Ayah Orang Baik
“Ayahmu orang baik,” “ayahmu orang baik,” “ayahmu orang baik,” “ayahmu orang baik.” Ucap teman-teman Ayah sambil menjabat tanganku.
…
“Simbah ki wes gaul, jenenge Ayah nganggo Asmara soale lahir pas valentine,” guyonan itu selalu keluar dari mulutnnya sambil dibarengi gelak tawa. Aku pun ikut terbahak ketika pertama kali mendengarnya sambil mengamini apa yg dikatakan. Maklum, di keluarga kami merayakan Valentine bukanlah kebiasaan, bahkan ulang tahun pun jarang memestakan.
…
14 Februari, tepat hari ini adalah ulang tahun Ayahku. Di hari ini juga tepat 19 hari Ayah sudah pergi ke keabadian. Tak sempat lagi kuucapkan “Selamat ulang tahun, Yah,” atau “Widih tambah tua,” sambil memperlihatkan sedikit senyumanku yg agak kaku.
Sambil tersenyum, tiap kali kuucapkan selamat, Ayah pasti mengucapkan template kalimat yg setiap tahun diulang terus: “Ulang tahun ki ora diselameti, soale umur e soyo kurang.” “Bener juga ya,” dalam hati, aku bergeming. “Lantas, untuk apa orang-orang mengucapkan selamat untuk hari lahir seseorang?
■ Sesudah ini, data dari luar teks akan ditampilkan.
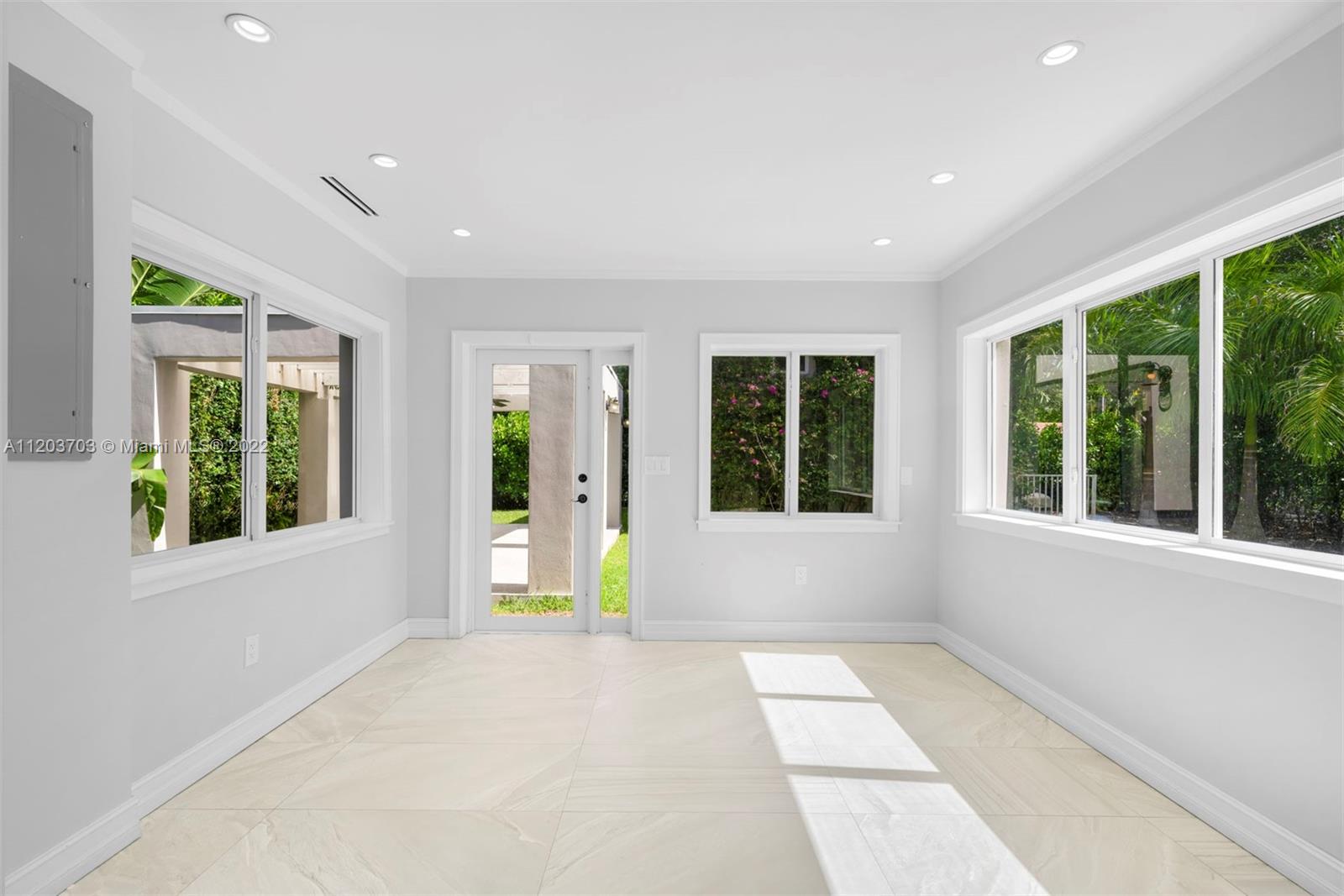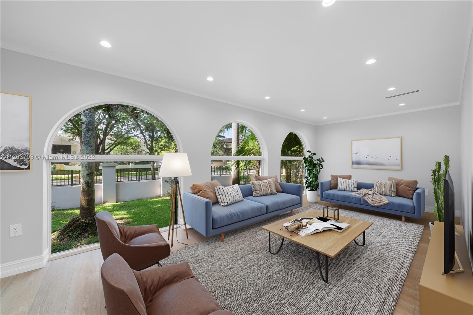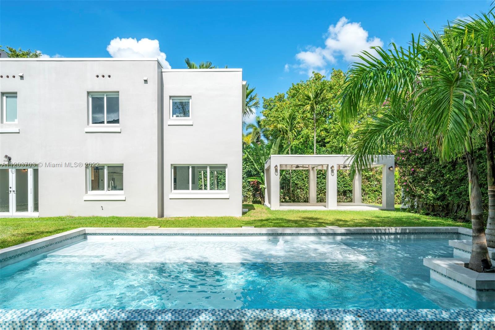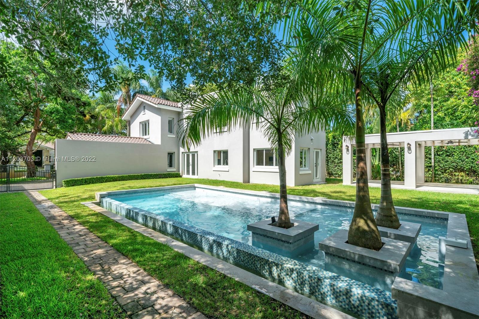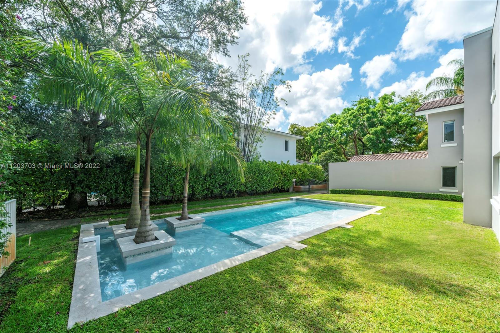 Gorgeous 3,295 Sq. Ft. home with three bedrooms and two and a half bathrooms, surrounded by tall palm trees providing peaceful views from every room. The spacious living room comes with a fireplace, and an expansive chef’s kitchen features a large eat-in island, top of the line appliances and breakfast and lounge area. The Florida room has large picture windows providing abundant natural light, seamlessly combining indoor and outdoor living. The main suite offers an attractive retreat, with a beautiful bathroom and custom walk-in closet. Outdoors include a resort-style pool with tanning ledge and water features, and a pergola ideal for alfresco dining. This incredible home offers a serene, harmonious living experience conveniently close to excellent schools, shopping, dining and parks.

Apakah untuk menyambut kematian?” Sampai hari ini pertanyaan itu mengendap di kepalaku, dan belum sempat ku diskusikan dengan Ayah.
Ayah dan diskusi itu adalah dua hal yg tak bisa dipisahkan. Setiap langkah kaki yg diambil pasti berakar dr diskusi. Ayah bukanlah orang yg kolot dan memaksa, kecuali dalam urusan beribadah. Bahkan, dalam pendidikan pun, aku dibebaskan. “Terserah arep sekolah opo, nek Ayah ki bebas, tapi harus tanggung jawab karo pilihane” ucapnya seraya menatap mataku setiap kali kita mendiskusikan soal pendidikanku.
Ayah tdk pernah memaksaku untuk mengambil jurusan ini itu. Menurutnya, semua ilmu itu penting dan berguna, tdk ada yg ilmu yg tdk berguna. “Kabeh ilmu ki bermanfaat, Ayah ndue ilmu kesehatan yo dinggo menolong sesama, Zhafran misal arep jupuk sosial yo kudu bermanfaat,” kata Ayah seraya menyetir mobil.
Menurut Ayah, orang tua hanya bertugas untuk mendukung anaknya, bukan memaksa. Kehidupan anak berbeda dengan orang tua. Anak punya imajinasi dan mimpi-mimpi yg harus dirawat dan dijaga, sedangkan orang tua menjaga anaknya agar mimpi-mimpinya tetap ada.
Apa yang Ayah katakan bukanlah sebuah nasehat layaknya orang tua yg tahu segala hal tentang anak, tetapi sebagai tesis yg bisa saja diubah dan ditambah, bahkan dikurang. Setiap kata yg keluar dari mulut Ayah tdk selalu kumakan mentah-mentah. Setiap wejangan — meski dia tdk pernah suka dengan sebutan itu — yg disertai rasa sayang untuk anaknya tdk selalu kuterima bulat-bulat. Dan, setiap apa yg Ayah lakukan, tdk selalu kutiru layaknya impersonator handal.
Ayah adalah sosok sempurna bagi hidupku. Ayah bukanlah orang yg terilhami orde baru dan memaksa anaknya harus patuh padanya. Terima kasih telah memberikan asuhan yg asooy untukku.
Dan yang terakhir, ceramah Jumat Ayah terakhir sungguh mengejutkanku. Hari itu bertepaan dengan hari kemerdekaan. “Hari ini penjajahan fisik sudah selesai, tetapi penjajahan scr ekonomi belum usai. Para konglomrat dan kapitalis masih menguasai ekonomi kita…,” ucapnya di atas mimbar masjid. Hari terakhir melihat Ayah ceramah, dan hari terakhir juga melihat Ayah melakukan propaganda ahahaa.
…
Selamat jalan Ayah. Ayah orang baik, halaman rumah penuh sesak kala untuk menengokmu terakhir kalinya, mobil-mobil terparkir di sepanjang jalan untuk melepasmu, dan semua menangis mengiringi kepergianmu. Sampai jumpa di rumah yg kini Ayah singgahi, tunggu aku di sana. Dan, kuucapkan terima kasih tak henti-henti.